A movement at a time, yes! You can put it all together when you're in the mood. In the theatre, the concert hall, it's different. You're trapped. There are no distractions. You've paid.

It's also good to just listen to what you can and when you're mind wonders, just stop. Gradually you familiarise yourself with the whole music, and it all works out fine. I had that experience with Schoenberg's third quartet, and Ferneyhough's 6th quartet. Right now I'm exploring Titelouze's organ music in a similar way.

The experience of listening to music reminds me of learnng to nderstand people speak a foreign language. You need to focus so much at first that you can only do it for short periods of time. But little by little it becomes easier to follow, less fatiguing, more natural.


----------



## julianoq (Jan 29, 2013)

science said:


> Everybody's mind wanders, no matter what you're doing. Listening to music is a lot like meditation. When you realize your mind has wandered, just come back to the music without stress or blame or anything. The music is for you, not you for the music.


Great tip.

Another thing that I do that is also related to meditation is to focus your attention in your inner body while listening to music. You can first try to feel one of your hands (you have to really sense it, thinking about it does not work), then both hands, than the hands and the feet at the same time. When you do that, you prevent your mind from useless wandering (or at least reduces it a lot) and it makes listening to music an outstanding experience because you prevent your mind from always trying to anticipate/rationalize what you are listening.
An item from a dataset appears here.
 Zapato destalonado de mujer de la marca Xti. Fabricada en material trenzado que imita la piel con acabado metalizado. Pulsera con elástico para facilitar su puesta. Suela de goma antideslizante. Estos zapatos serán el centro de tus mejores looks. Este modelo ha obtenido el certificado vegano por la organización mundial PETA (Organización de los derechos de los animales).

This technique actually works for many things other than music. If you focus on your inner body when talking to someone you are able to give full attention to the person and prevent your mind to be thinking about your next phrase or anything else while listening to her.


----------



## Richannes Wrahms (Jan 6, 2014)

Add a few drops of sulfuric 9 M to catalyze the reaction.


----------



## hpowders (Dec 23, 2013)

Mahlerian said:


> The human attention span can easily go for two-four hours. If you're not used to simply listening, though, it may take time to get it up to that level. Find what works for you to keep you invested in the music.


Can't generalize. It depends. Some classical listeners are clinically depressed and for them concentration is a struggle. Everybody's different. Some folks, like my dad could read a book and a bomb could drop 10 feet away and he wouldn't hear it.
I on the other hand, would.


----------



## hpowders (Dec 23, 2013)

If one is falling asleep during music or a movie, let me put forth the profound observation that you may not actually be sleepy, but profoundly bored.


----------



## Blancrocher (Jul 6, 2013)

hpowders said:


> If one is falling asleep during music or a movie, let me put forth the profound observation that you may not actually be sleepy, but profoundly bored.
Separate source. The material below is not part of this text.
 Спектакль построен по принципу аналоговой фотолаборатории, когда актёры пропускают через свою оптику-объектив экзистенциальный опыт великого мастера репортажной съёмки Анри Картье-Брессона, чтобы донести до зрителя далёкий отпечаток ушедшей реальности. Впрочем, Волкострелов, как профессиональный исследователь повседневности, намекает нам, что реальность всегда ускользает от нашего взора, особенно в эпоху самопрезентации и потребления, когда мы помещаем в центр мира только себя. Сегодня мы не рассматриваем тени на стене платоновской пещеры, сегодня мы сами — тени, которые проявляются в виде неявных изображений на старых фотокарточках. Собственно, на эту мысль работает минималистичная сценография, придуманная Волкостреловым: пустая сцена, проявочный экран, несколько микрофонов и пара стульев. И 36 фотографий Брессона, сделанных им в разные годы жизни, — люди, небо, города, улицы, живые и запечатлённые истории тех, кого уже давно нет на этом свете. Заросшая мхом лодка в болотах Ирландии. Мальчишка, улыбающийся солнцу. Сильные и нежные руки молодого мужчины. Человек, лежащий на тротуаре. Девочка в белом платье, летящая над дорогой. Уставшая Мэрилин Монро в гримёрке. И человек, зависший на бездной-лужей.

It's possible that one could be lying down on a comfortable couch while listening, mind you. My own advice is to always listen to music while sitting upright in a hard chair--it's not like we're listening in order to amuse ourselves, after all.


----------



## hpowders (Dec 23, 2013)

Blancrocher said:


> It's possible that one could be lying down on a comfortable couch while listening, mind you. My own advice is to always listen to music while sitting upright in a hard chair--it's not like we're listening in order to amuse ourselves, after all.


MY SO picks out movies for us to watch and my eyes are closing within 10 minutes, usually. Yet put me in a room with Mahler's Third Symphony and I am instead, excited!!

Stimulation vs boredom.


----------



## stevens (Jun 23, 2014)

What about listened and WATCHING a dvd concert?? (or even better a live concert!)

I would find it very very boring and tiresome to just listened to a cd concert!


----------



## hpowders (Dec 23, 2013)

I'm the opposite. I find the mechanics of music making distracting. I would rather listen to a CD than watch a DVD of a concert.


----------



## DiesIraeCX (Jul 21, 2014)

On other similar threads, I've heard some suggest that you should hear the entire work no matter what, I don't necessarily agree with that. 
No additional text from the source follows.